I’ve made up my mind—this is going to be my last assignment.”
He shrugged. “Are you trying to convince me or yourself?”
An awkward silence hung between us as we entered my neighborhood. Lined with the greenery of summer, it was like an oasis in a concrete jungle.
By the time we arrived at my place, the blue sky was just a memory. The wind had picked up and was whipping the tree limbs. It seemed like a symbol of something, but I just wasn’t sure what.
We entered the pre-war building, escaping the volatile weather, and I sniffed the comforting fragrance of home. I smiled again—happy with the new life I was heading for, even if Carter wasn’t.
“I don’t know why you’re pining for other chicks when you got a great girl like Lauren Bowden,” Carter said with a grin, breaking the tension. “And what’s with the John Peter stuff?”
“It shows what type of reporter she is. JP actually stands for John Pierpont. My mother is head of the historical society in Rockfield, Connecticut and…”
“Is that like one of those cults where they have those rituals with the strange masks and robes?”
“No, that’s professional wrestling. She happens to be one of the leading history experts in the state and named my brothers and me after famous people who were born in Connecticut. I’m named after JP Morgan, whose full name was John Pierpont Morgan. My brother Ethan is named after Ethan Allen, the Revolutionary War hero, and Noah is named after Noah Webster. He was the guy, you know, like Webster’s Dictionary … that would be a book that contains words, they are the things that…”
Carter shook his head. “I can’t believe I’m getting my balls busted by a guy named Pierpont.” Then as quickly as the skies darkened outside, he changed the subject, “How’s Noah doing?”
“Better,” was all I said. It wasn’t a place I wanted to go right now.
We entered a mudroom on the garden floor. French doors led to a backyard that looked more rural Connecticut than Manhattan. It looked inviting, but we had business upstairs.
As we began to climb the stairs, a sound stopped us in our tracks. Carter pulled his gun from the waistband of his jeans.
Chapter 8
I put up the stop sign.
“It’s Christina, the girl who house-sits while I’m away.”
“Is she hot?” Carter asked, going quickly from gun-toting to horny.
I cringed. “It’s not like that.”
Carter’s sly smile fell off his face. “I rest my case—what have you done with JP Warner?”
“First of all, you need to put both your guns away. Secondly, she is Dan Wilkins’ little sister—he used to be my contact within the FBI. She goes to Fordham and interned at GNZ. Most of her classes are at the Lincoln Center campus, so it’s convenient for her to stay here. And in return, she takes care of the place while I’m gone.”
We climbed a spiral staircase to the spacious second floor. It featured a twenty-foot ceiling and walls covered with oversized windows that provided a view of the Manhattan skyline. On a normal summer day, light would saturate the room, but the impending storm had now painted the sky black. The room looked as if I didn’t spend much time there, which was accurate. It was furnished with just the essentials—a black leather couch, flat-screen plasma TV, and a large desk.

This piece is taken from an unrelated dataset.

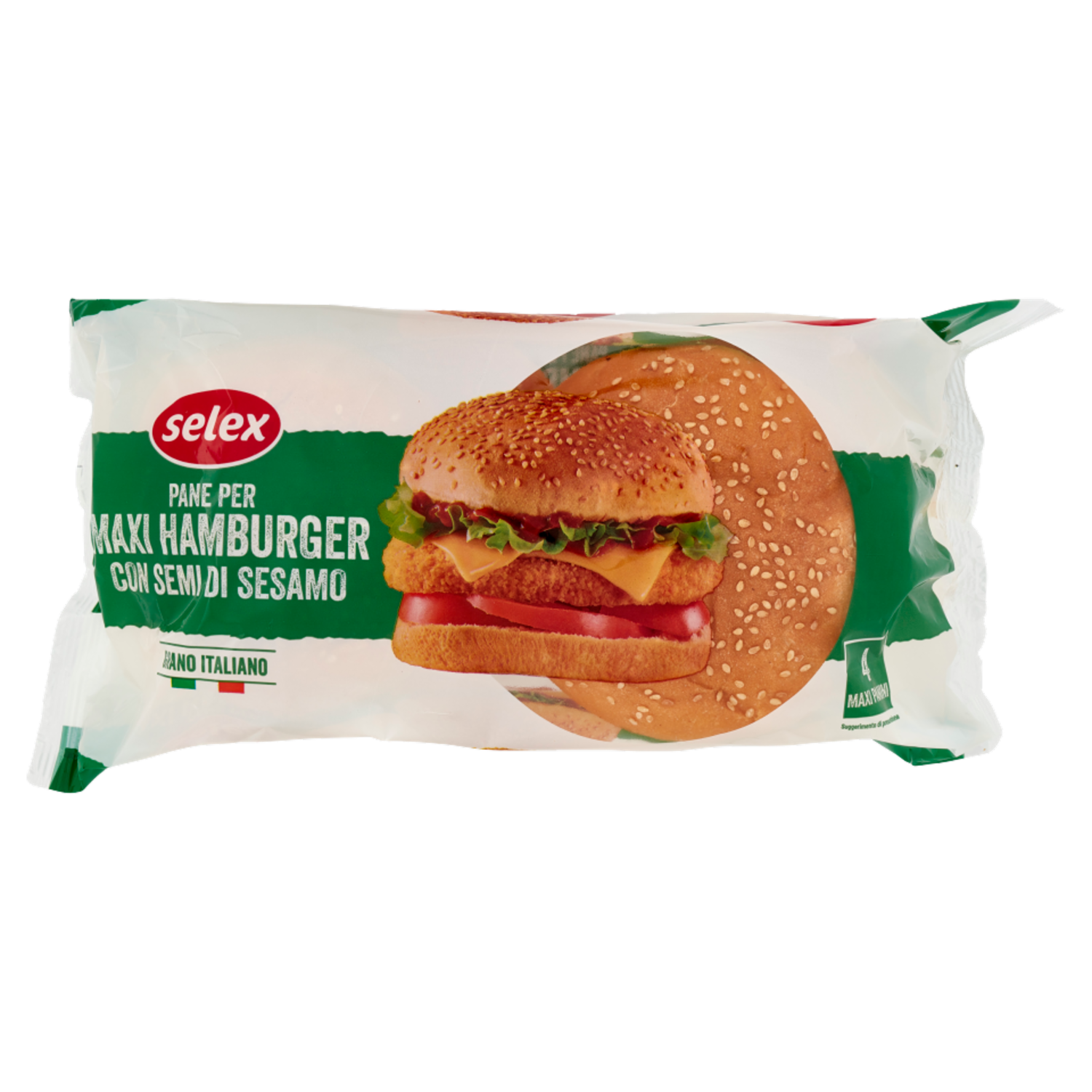 Selex Pane per Maxi Hamburger con Sesamo 4 pezzi 300 g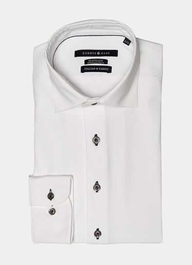 Transform your wardrobe with the Harmon long sleeve shirt. The button up collar and stretch fabric provide both style and comfort, while the wrinkle resistant material ensures a lasting crisp look. The classic white is accented with a pop of black piping on the inside placket and collar, adding a touch of personality to any outfit.

Lauren once tried to decorate the place with what she called an “Old South antebellum motif.” When I rebuffed her, she returned with an interior decorator. That’s when I decided to have Christina move in to watch the place.
Christina was seated behind my desk, furiously typing on a laptop. She looked up suspiciously. “Hey, JP,” she greeted me, her voice jumping three octaves. “They have the new GNZ website up. You should check it out.”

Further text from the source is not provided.